Splitting up the data using the above way ensured that no user in test and val overlap and it cannot now know any values from val beforehand. The same splitting technique was used for the larger dataset.
Now using simple spark data frame operations top 100 highest average rated movies were identified which have atleast 50 ratings count. This technique was used because it helped in identifying the most popular movies from the whole training data and all the movies with high rating but low number of ratings were removed.Next every user's movies were identified and compared with the top 100 popular movies. Then with the help of RankingMeterics we computed mean average precision, average precision, NDCG and average recall of the baseline popularity model. The results are included in the github repo.

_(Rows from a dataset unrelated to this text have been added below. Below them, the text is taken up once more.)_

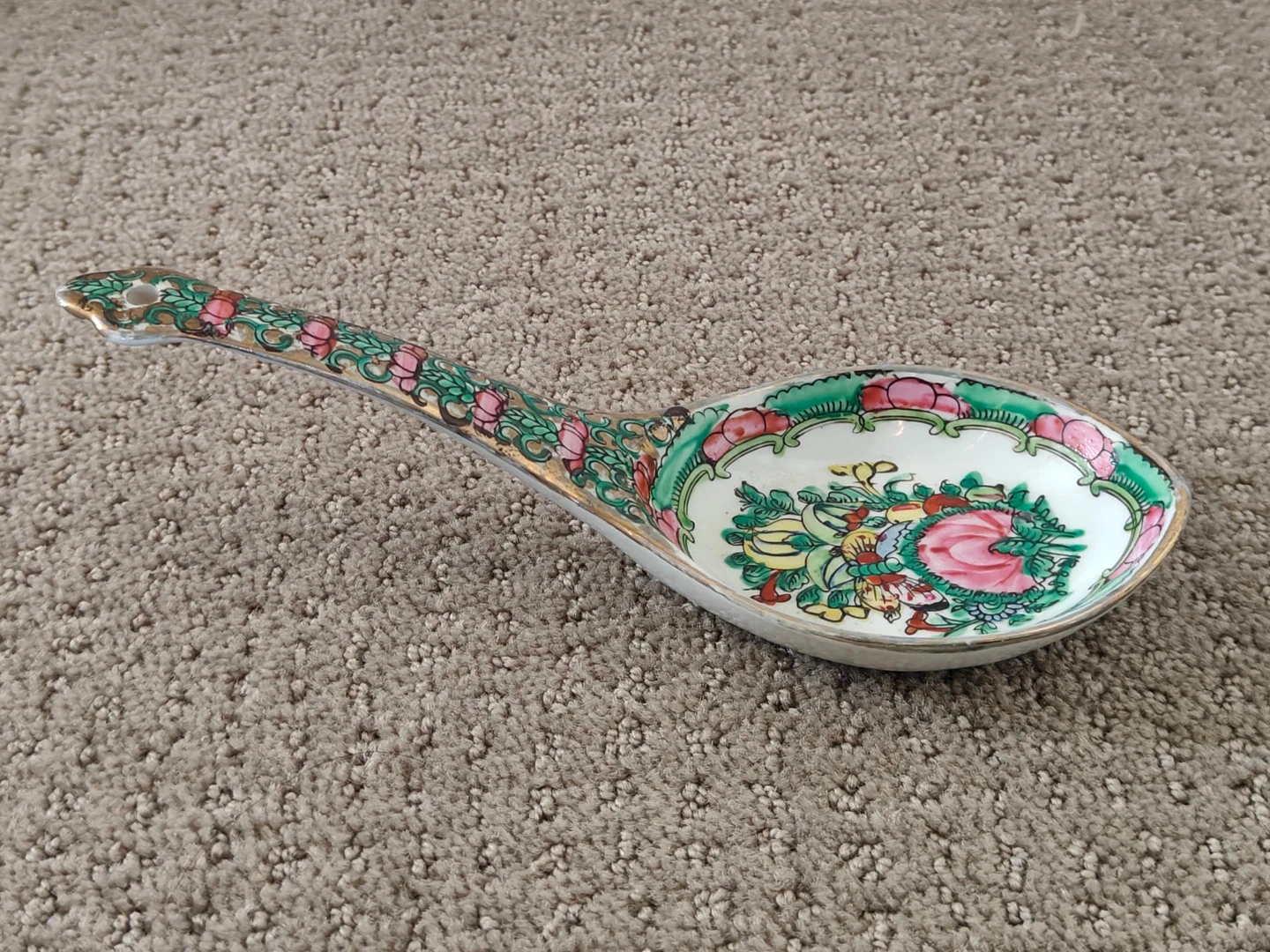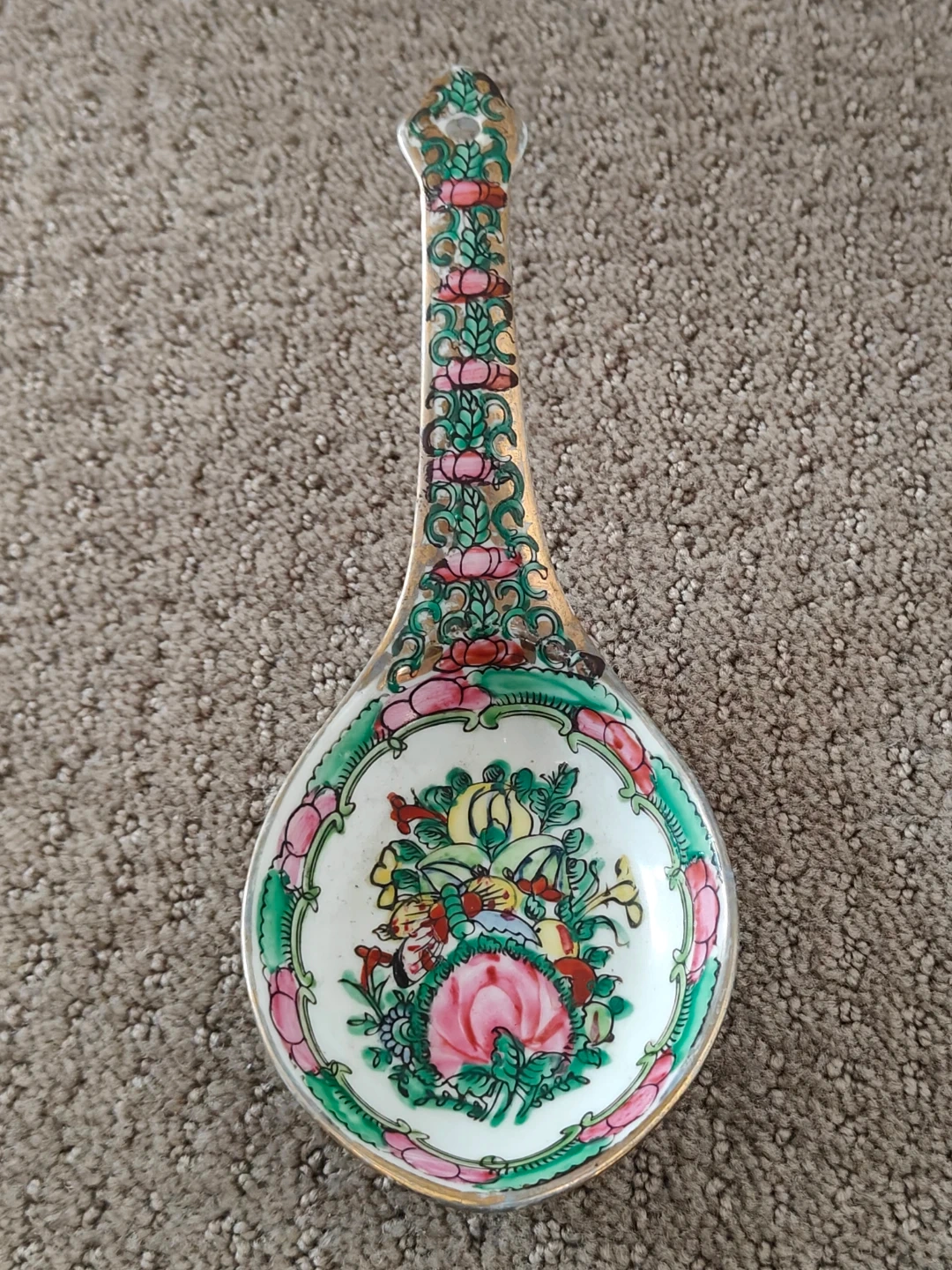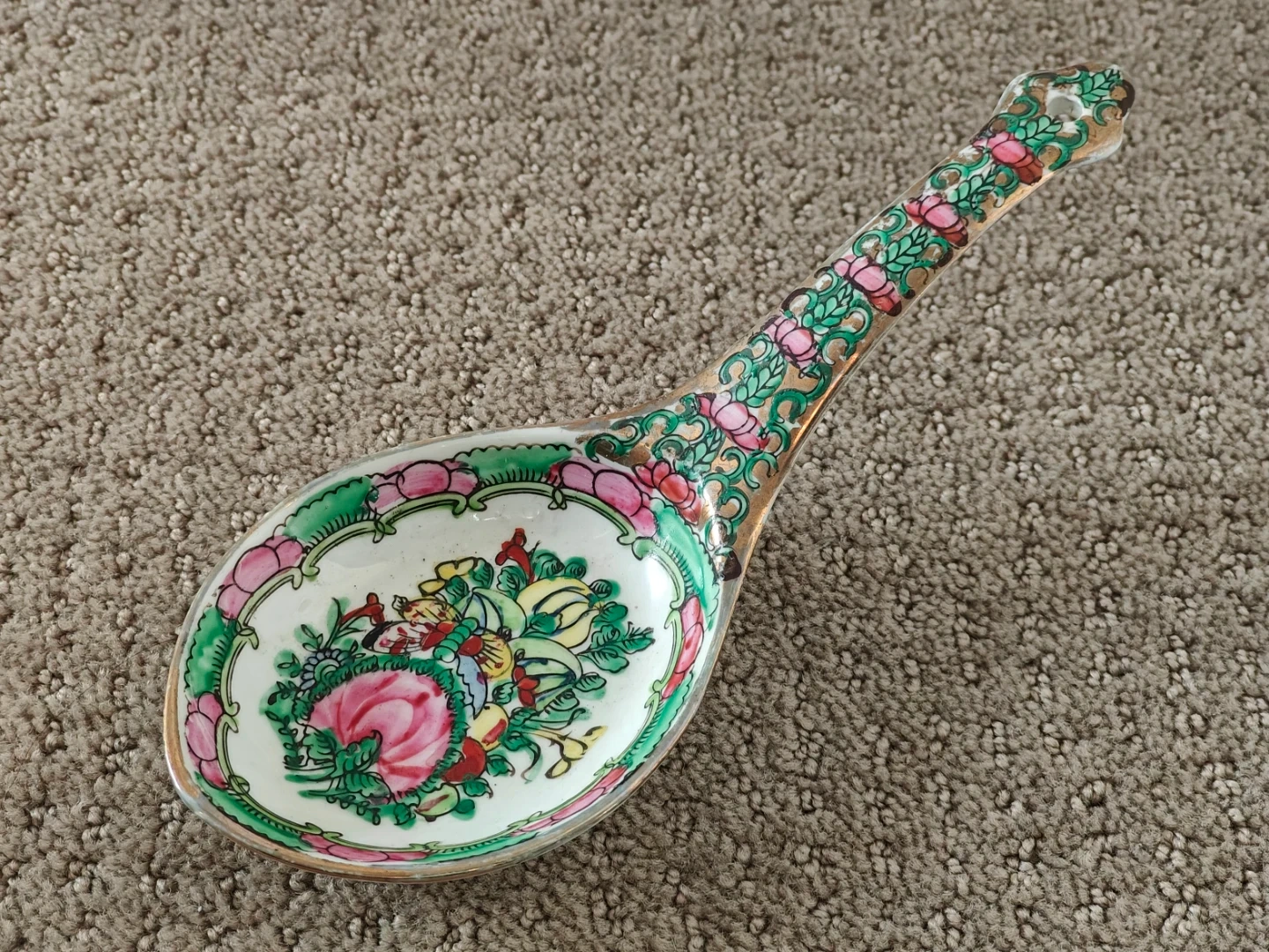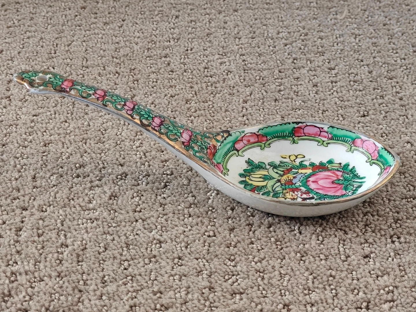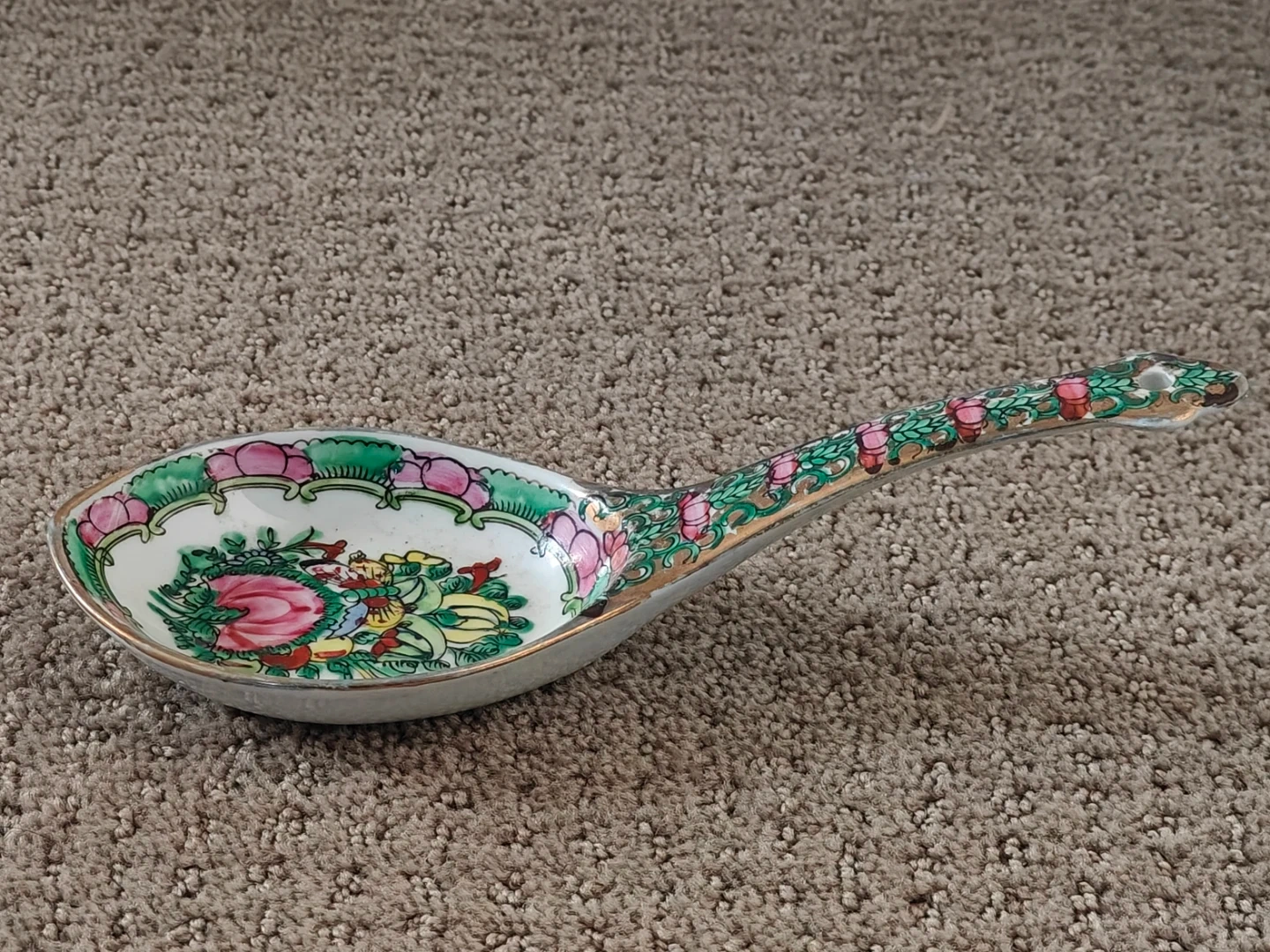 I am selling an Exquisite Antique Chinese Asian Vintage Large Vintage Chinese Rose Canton Porcelain Serving Soup Spoon - 8" - Gold Gilt Hand-Painted with Gold Gilt Large Soup Spoon in new condition. Never been used and no chips or cracks on the spoon. Elevate your collection with this exquisite vintage Chinese Rose Medallion porcelain soup spoon. This is not a small dessert spoon but a generously sized, hand-painted piece in the highly sought-after Canton Famille Rose style. In pristine, new/unused condition, it is free of any chips or cracks, and the vibrant colors and gold gilt are perfectly preserved.
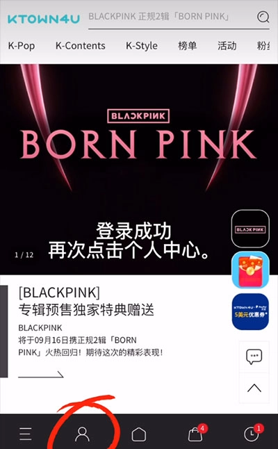 1、进入到k4town软件后,点击个人中心进行登录。
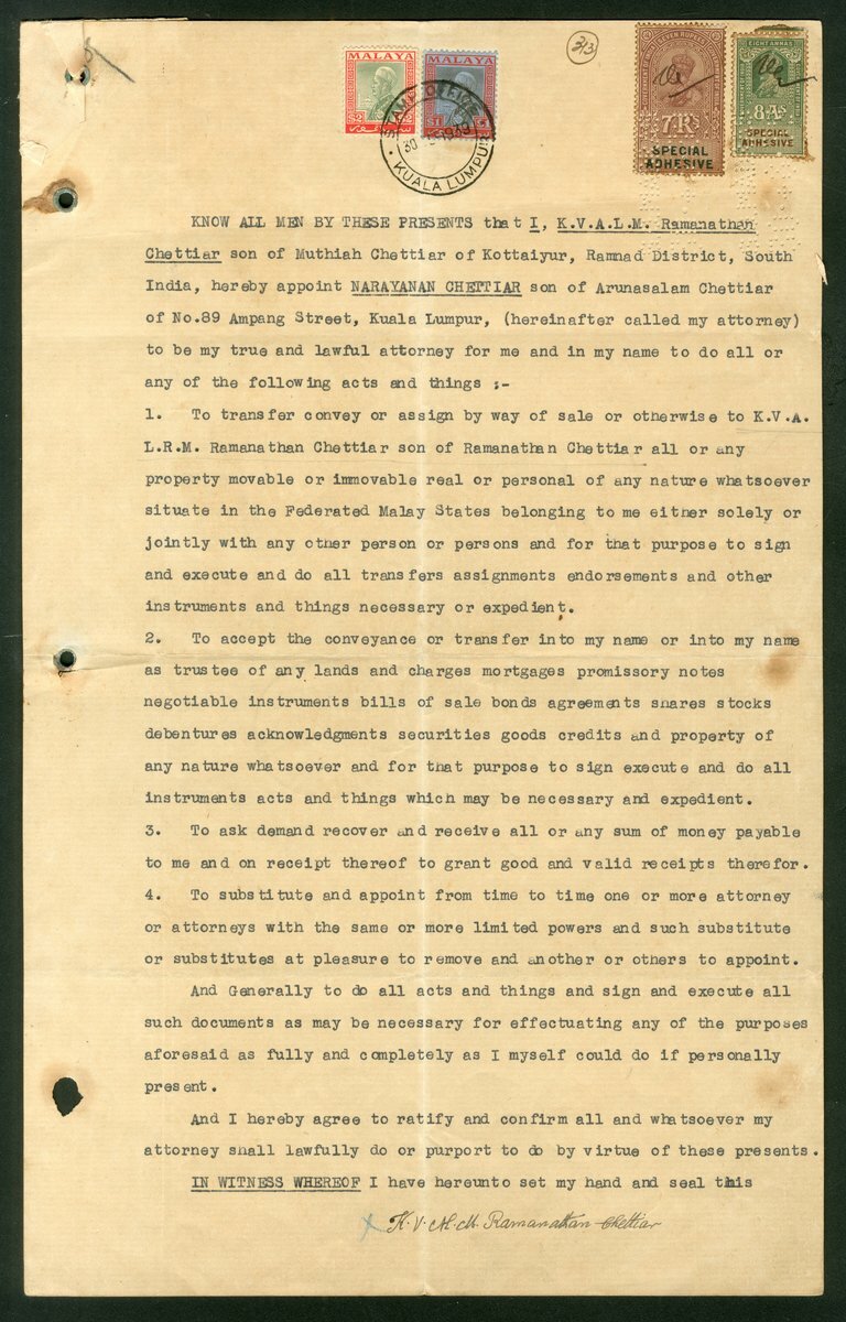India revenues and stamped paper used with Malaya adhesives, documents group (7), including Selangor, Johor, Malacca, etc.
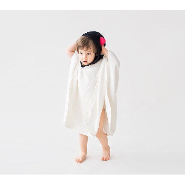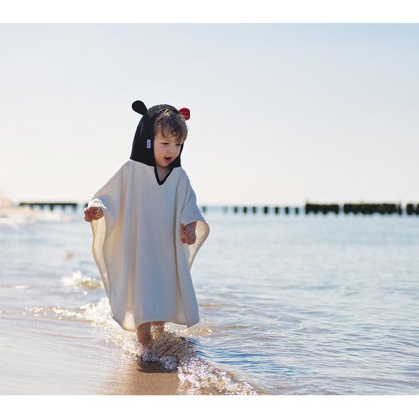 Jest wielofunkcyjny, może zostać wykorzystany jako poncho z kapturem na plaży lub ręcznik kąpielowy w domu. Dodatkowo uszka na kapturze dodają mu uroku!

We have used ALS model to build a latent factor model recommender systems. For now, we have not tuned the huperparameters, Rank and Regular Parameter. We fit the ALS model using regParam: 0.1 and rank: 5, and derive predictions of movies for test dataset users to and compare it with actual likings. We evaluate our model using RegressionEvaluator and RankingMetrics. The results are included in the github repo.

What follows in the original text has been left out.